### Working data

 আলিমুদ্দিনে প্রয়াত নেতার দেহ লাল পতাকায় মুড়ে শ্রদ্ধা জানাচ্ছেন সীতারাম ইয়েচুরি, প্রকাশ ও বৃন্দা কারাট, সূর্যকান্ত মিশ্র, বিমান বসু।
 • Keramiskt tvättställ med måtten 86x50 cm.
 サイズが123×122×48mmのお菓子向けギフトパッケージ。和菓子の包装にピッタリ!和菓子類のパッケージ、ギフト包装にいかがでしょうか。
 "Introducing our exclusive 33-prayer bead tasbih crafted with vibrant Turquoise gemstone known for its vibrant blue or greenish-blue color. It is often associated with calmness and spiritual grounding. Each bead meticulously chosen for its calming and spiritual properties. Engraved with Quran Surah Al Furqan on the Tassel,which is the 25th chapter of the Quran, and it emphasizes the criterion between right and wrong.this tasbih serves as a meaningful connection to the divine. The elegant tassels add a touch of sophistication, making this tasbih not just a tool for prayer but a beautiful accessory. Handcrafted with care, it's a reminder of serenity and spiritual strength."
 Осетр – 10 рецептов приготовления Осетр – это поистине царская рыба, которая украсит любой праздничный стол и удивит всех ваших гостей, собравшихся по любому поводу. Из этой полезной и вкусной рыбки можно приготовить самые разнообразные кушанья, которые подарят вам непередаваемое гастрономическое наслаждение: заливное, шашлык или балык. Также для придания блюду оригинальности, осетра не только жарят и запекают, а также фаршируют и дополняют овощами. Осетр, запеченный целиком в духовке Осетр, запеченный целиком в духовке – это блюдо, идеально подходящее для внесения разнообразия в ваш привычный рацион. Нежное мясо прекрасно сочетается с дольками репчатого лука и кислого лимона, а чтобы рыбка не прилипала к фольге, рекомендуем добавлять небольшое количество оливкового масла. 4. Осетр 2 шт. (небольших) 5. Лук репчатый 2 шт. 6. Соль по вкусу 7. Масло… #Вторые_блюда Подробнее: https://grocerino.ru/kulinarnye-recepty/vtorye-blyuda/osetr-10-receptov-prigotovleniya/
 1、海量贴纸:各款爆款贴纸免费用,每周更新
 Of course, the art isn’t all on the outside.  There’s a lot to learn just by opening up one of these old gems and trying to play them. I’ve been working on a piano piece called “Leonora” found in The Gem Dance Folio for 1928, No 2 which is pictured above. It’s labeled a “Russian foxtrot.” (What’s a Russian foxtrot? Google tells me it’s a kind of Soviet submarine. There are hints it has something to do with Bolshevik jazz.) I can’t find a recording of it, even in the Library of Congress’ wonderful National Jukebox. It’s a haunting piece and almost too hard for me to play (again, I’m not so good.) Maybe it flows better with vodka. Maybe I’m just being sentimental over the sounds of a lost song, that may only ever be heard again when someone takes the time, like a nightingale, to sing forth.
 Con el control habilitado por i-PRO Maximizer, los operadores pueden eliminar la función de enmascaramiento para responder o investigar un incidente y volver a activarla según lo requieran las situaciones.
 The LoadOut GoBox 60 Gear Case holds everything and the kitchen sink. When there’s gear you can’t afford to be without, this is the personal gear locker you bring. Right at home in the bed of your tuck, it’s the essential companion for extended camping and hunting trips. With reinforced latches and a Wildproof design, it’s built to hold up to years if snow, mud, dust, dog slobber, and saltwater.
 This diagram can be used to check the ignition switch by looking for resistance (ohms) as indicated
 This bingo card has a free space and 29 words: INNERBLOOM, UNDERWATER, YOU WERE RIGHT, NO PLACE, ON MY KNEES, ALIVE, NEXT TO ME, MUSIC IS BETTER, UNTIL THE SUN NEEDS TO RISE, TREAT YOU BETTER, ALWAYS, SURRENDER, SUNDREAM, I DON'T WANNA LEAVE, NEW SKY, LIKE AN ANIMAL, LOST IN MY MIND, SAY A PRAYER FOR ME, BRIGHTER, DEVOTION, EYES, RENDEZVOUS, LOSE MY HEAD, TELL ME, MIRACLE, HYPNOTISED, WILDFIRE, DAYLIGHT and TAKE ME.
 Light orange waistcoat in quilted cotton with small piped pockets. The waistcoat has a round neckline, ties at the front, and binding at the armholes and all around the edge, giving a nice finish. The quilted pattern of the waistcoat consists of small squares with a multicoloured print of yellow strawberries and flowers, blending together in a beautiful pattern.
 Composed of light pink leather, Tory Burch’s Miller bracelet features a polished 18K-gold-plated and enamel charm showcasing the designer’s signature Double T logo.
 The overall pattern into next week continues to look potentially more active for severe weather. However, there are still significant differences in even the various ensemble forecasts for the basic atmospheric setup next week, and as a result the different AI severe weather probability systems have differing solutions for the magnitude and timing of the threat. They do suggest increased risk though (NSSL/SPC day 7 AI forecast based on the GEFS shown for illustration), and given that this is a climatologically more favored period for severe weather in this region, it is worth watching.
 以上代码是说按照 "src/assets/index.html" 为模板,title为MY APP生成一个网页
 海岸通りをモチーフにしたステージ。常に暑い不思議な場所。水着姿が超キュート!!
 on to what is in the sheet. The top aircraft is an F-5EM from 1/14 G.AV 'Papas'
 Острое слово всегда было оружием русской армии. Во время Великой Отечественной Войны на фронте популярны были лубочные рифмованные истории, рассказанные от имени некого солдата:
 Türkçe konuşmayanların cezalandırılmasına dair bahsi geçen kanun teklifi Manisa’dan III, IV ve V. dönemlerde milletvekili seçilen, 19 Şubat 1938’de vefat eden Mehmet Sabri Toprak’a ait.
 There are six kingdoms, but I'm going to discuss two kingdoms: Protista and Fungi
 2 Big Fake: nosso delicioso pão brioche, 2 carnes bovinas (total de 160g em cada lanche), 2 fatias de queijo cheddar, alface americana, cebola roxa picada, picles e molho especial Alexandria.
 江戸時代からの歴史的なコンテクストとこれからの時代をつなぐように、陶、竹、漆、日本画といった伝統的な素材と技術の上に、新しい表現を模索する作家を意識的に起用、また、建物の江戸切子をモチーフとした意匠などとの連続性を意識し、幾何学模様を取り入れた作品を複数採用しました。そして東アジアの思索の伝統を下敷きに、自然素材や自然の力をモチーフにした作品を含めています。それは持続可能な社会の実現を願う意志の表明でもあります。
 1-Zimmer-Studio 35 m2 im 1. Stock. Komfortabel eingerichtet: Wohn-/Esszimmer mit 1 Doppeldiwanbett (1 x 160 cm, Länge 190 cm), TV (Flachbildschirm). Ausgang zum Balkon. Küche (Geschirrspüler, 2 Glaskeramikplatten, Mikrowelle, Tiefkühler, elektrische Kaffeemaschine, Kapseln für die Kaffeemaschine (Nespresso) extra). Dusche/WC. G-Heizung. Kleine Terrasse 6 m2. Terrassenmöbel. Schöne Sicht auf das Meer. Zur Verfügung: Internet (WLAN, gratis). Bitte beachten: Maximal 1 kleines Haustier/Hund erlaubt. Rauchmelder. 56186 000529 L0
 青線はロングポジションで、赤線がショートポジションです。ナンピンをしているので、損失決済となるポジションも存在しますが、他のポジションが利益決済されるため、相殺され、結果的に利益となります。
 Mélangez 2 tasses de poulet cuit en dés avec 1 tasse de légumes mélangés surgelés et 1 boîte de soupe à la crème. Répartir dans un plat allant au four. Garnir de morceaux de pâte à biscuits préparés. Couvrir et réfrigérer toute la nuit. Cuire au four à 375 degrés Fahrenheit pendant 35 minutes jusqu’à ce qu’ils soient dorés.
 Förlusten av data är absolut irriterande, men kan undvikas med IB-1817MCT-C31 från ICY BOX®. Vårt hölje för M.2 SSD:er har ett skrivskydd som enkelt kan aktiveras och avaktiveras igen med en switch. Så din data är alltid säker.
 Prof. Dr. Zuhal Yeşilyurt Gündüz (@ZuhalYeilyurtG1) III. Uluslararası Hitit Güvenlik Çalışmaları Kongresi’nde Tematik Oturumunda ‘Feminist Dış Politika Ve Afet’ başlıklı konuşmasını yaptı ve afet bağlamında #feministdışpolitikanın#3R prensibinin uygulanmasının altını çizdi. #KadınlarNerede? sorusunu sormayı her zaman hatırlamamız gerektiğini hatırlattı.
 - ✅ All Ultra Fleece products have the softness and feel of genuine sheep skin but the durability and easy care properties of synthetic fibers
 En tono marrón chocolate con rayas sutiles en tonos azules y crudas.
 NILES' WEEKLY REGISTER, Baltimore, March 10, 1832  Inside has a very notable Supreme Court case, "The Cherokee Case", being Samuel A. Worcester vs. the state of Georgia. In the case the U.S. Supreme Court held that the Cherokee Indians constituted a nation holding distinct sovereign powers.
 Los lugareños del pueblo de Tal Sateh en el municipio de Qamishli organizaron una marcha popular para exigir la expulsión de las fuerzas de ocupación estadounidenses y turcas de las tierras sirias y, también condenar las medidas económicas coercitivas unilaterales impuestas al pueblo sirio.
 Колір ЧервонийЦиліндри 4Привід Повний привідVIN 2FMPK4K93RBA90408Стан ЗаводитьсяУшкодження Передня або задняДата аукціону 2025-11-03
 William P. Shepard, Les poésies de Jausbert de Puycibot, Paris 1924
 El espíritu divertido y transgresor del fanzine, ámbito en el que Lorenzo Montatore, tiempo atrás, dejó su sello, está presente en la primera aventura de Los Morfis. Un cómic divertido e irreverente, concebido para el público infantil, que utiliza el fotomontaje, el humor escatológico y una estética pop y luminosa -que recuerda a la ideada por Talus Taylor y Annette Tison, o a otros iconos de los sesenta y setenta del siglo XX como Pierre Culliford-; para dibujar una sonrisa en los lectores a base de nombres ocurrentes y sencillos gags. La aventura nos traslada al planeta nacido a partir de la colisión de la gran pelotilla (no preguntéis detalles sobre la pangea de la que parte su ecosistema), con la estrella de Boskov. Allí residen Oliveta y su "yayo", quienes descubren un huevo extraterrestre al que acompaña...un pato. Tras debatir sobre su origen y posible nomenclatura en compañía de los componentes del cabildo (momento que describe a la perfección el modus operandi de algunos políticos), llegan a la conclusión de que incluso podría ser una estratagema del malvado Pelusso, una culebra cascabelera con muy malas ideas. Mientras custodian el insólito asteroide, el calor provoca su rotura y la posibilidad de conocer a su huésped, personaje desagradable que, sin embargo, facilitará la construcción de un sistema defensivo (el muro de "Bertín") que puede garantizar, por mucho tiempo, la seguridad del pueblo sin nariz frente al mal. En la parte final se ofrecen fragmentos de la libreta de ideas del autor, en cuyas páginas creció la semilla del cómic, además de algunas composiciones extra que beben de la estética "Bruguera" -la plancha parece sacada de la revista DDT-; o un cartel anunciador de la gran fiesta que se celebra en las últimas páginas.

######

- [Exercise requirements]: For the lines above, output exactly those from the line containing "2 Big Fake: nosso" through the line containing "江戸時代からの歴史的なコンテ", and skip the others.

- [Answer below]:
 2 Big Fake: nosso delicioso pão brioche, 2 carnes bovinas (total de 160g em cada lanche), 2 fatias de queijo cheddar, alface americana, cebola roxa picada, picles e molho especial Alexandria.
 江戸時代からの歴史的なコンテクストとこれからの時代をつなぐように、陶、竹、漆、日本画といった伝統的な素材と技術の上に、新しい表現を模索する作家を意識的に起用、また、建物の江戸切子をモチーフとした意匠などとの連続性を意識し、幾何学模様を取り入れた作品を複数採用しました。そして東アジアの思索の伝統を下敷きに、自然素材や自然の力をモチーフにした作品を含めています。それは持続可能な社会の実現を願う意志の表明でもあります。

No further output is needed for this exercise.